L’Ubimedia, de la vision à l’implémentation : nouveau point d’étape

Gérer une startup c’est monter un groupe de Rock. Mêmes étapes : du garage au premier mécène, du premier morceau au concert culte. Depuis décembre dernier, nous sommes en train de passer ces différentes étapes : le recrutement, la première levée de fond, la première version du produit, le grand test de la rencontre avec les utilisateurs… Nous avons trouvé notre style, nous savons où nous allons, il nous reste maintenant à trouver un public.

Depuis 9 mois je martèle le même message, auprès de l’équipe ou à l’extérieur : « Une vision claire et précise. Des réalisations concrètes et démontrables! ».

Une vision : l’Ubimédia.

Le concept d’Ubimédia a été introduit par Adam Greenfield en 2006 dans son livre « Everyware » : à savoir les contenus embarqués dans tous les objets et surfaces de notre vie quotidienne, un monde où toute chose peut devenir un « ware » (software et hardware).

Une approche : l’ouverture, l’open source et la standardisation.

Depuis plusieurs années déjà, l’industrie du numérique construit un monde massivement connecté dans lequel les objets du quotidien sont de plus en plus « intelligents ». Cela a commencé avec le téléphone, s’est poursuivi avec le livre, le magazine, puis la TV. Bientôt l’automobile, mais aussi le mobilier et les habitations… La plupart des écosystèmes interactifs qui sont construits sont malheureusement fermés. Cela constitue un réel problème car empêche l’interopérabilité et freine d’autant la mise en œuvre effective d’environnements ubimedia. L’approche que nous avons choisie consiste à bâtir un système ouvert interopérable qui permet de sauter les « walled garden » construits par les grandes marques comme Apple, Microsoft, RIM, Samsung, etc…

Des réalisations : du concret pour susciter l’imagination et inviter à poursuivre le mouvement.

En 9 mois nous avons initié la base de l’écosystème, un framework de développement multi-support. Nous avons aussi construit au dessus plusieurs applications et prototypes d’objets connectés. L’idée recherchée est simple : créer le plus d’applications démontrables répondant à un usage et favoriser ainsi d’autres initiatives; organiser et participer à des événements communautaires pour partager avec d’autres développeurs, designers et électroniciens la vision et la démarche.

Changer de paradigme. Le design comme stratégie.

Nous autres ingénieurs et techniciens français avons ce défaut de penser système avant usage. L’antidote consiste à rééquilibrer les rôles entre techniciens et designers en construisant des produits autour de l’usage, “du creux”, “du manque” et contribuer à le combler du mieux que nous pouvons. Nous essayons pour l’instant d’y parvenir à petits coups de sprints, de « Designers day », de Hackatons, où les designers sont au centre du ring. Je ne parle pas là de “Design de style” mais de l’approche qui consiste à redonner la priorité à la mélodie et à l’efficacité. Nous n’en sommes qu’aux préliminaires…

Un marché embryonnaire aujourd’hui, massif dans cinq ans.

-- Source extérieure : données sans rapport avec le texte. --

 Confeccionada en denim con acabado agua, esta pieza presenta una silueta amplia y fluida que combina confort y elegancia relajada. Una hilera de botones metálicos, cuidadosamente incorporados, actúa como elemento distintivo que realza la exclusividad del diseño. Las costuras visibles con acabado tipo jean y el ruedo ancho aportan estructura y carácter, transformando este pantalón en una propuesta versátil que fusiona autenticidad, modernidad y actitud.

Les analystes s’accordent sur ce point : la prochaine frontière de l’internet est celle des objets. 15 milliards d’objets connectés en 2015 et 50 milliards en 2020.  La plupart des grands acteurs préparent l’infrastructure. Facebook ouvre son graphe social à toute sorte d’actions, on imagine que demain l’environnement pourra interagir avec. Google y travaille depuis plusieurs années déjà avec Android et Chrome OS. Microsoft unifie les interfaces dans Windows8 et avec l’arrivée de la Kinect prépare des interactions plus naturelles avec l’environnement. Apple depuis quasiment le début, a fait de l’iPhone une matrice, un connecteur central vers une multitude d’objets connectés… (Nike+, Withings, ARDrone…)

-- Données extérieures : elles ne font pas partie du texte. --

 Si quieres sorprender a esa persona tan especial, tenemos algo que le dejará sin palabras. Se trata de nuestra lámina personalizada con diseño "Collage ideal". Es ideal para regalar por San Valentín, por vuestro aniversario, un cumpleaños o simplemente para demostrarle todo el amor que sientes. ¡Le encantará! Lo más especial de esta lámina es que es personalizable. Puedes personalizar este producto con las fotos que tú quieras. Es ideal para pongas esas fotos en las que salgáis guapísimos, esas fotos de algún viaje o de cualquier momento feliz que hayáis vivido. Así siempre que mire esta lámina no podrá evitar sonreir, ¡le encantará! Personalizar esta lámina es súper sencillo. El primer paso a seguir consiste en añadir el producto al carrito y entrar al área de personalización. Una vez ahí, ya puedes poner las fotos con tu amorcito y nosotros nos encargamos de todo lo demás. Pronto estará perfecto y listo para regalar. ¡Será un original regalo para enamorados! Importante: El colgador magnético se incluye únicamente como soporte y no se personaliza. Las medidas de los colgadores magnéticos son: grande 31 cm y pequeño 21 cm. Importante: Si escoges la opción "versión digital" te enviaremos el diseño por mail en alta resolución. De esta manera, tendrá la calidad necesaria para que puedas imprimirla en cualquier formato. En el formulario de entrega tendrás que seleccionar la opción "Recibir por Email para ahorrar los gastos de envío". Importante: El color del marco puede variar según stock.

Sur les 15 milliards d’objets connectés en 2015, une partie moindre, certes, sera constituée de  surfaces et de terminaux pour la distribution de contenus mais c’est déjà assez pour continuer à travailler sur cette piste là.

En savoir plus :

4 réflexions sur “L’Ubimedia, de la vision à l’implémentation : nouveau point d’étape

  1. Pierre Col dit :

    J’ai travaillé dans une start-up lyonnaise qui s’appelle justement UbicMedia (avec un “c”) et a inventé une technologie innovante pour la diffusion de films sur Internet, favorisant une libre copie et rediffusion des fichiers numériques tout en permettant un contrôle et un suivi de leurs usages… Voir http://www.ubicmedia.com

  2. [...] ne sont pas les premiers.  Comme le rappelle Mikiane , c’est Adam Greenfield qui, dès 2006, a écrit « Every(ware) – La révolution de [...]

  3. Jessie dit :

    Nice article. I’ve finally found it.

    welding
    training

    NCAA
    Men’s Final Four Tickets

  4. [...] Chaque trimestre à son point d’étape dans la construction de Joshfire (l’entreprise que j’ai fondée en novembre 2010). – Joshfire, l’agence qui accompagne l’émèrgence de l’Internet des Objets (12/2010) – Reinventer le rapport aux contenus numériques grâce aux objets connectes (3/2011) – Point d’étape vers un monde d’objets augmentés (6/2011) – L’Ubimedia de la vision à l’implémentation, nouveau point d’étape (11/2011) [...]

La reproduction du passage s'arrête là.